> Task
Please repeat the data below exactly, with the pictures removed.

> Data shown
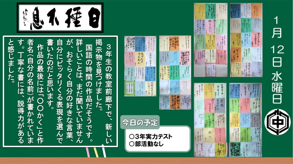 令和3年度3月まで、本校昇降口のディスプレイに、毎日、生徒向けに発信していたものです。 こちらから学校の様子を感じ取っていただければ幸いです。
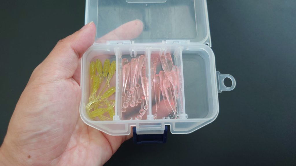 左から3つは未使用ワームで一番右は使用済みワームを入れています。
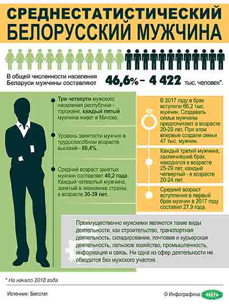 Соотношение детского населения сохраняется в пользу мальчиков, поскольку в среднем в год на 100 девочек рождается 104-105 мальчиков. На 1000 мальчиков в возрасте до 16 лет приходилось 945 девочек. Однако уже к 34 годам более высокая смертность мужчин приводит к примерному равенству полов, при этом диспропорция в пользу женщин в городской местности начинается с 29 лет, в сельской — с 59 лет. «То есть на селе отмечается явный дефицит невест», — сказала Елена Кухаревич.

> Response area
 令和3年度3月まで、本校昇降口のディスプレイに、毎日、生徒向けに発信していたものです。 こちらから学校の様子を感じ取っていただければ幸いです。
 左から3つは未使用ワームで一番右は使用済みワームを入れています。
 Соотношение детского населения сохраняется в пользу мальчиков, поскольку в среднем в год на 100 девочек рождается 104-105 мальчиков. На 1000 мальчиков в возрасте до 16 лет приходилось 945 девочек. Однако уже к 34 годам более высокая смертность мужчин приводит к примерному равенству полов, при этом диспропорция в пользу женщин в городской местности начинается с 29 лет, в сельской — с 59 лет. «То есть на селе отмечается явный дефицит невест», — сказала Елена Кухаревич.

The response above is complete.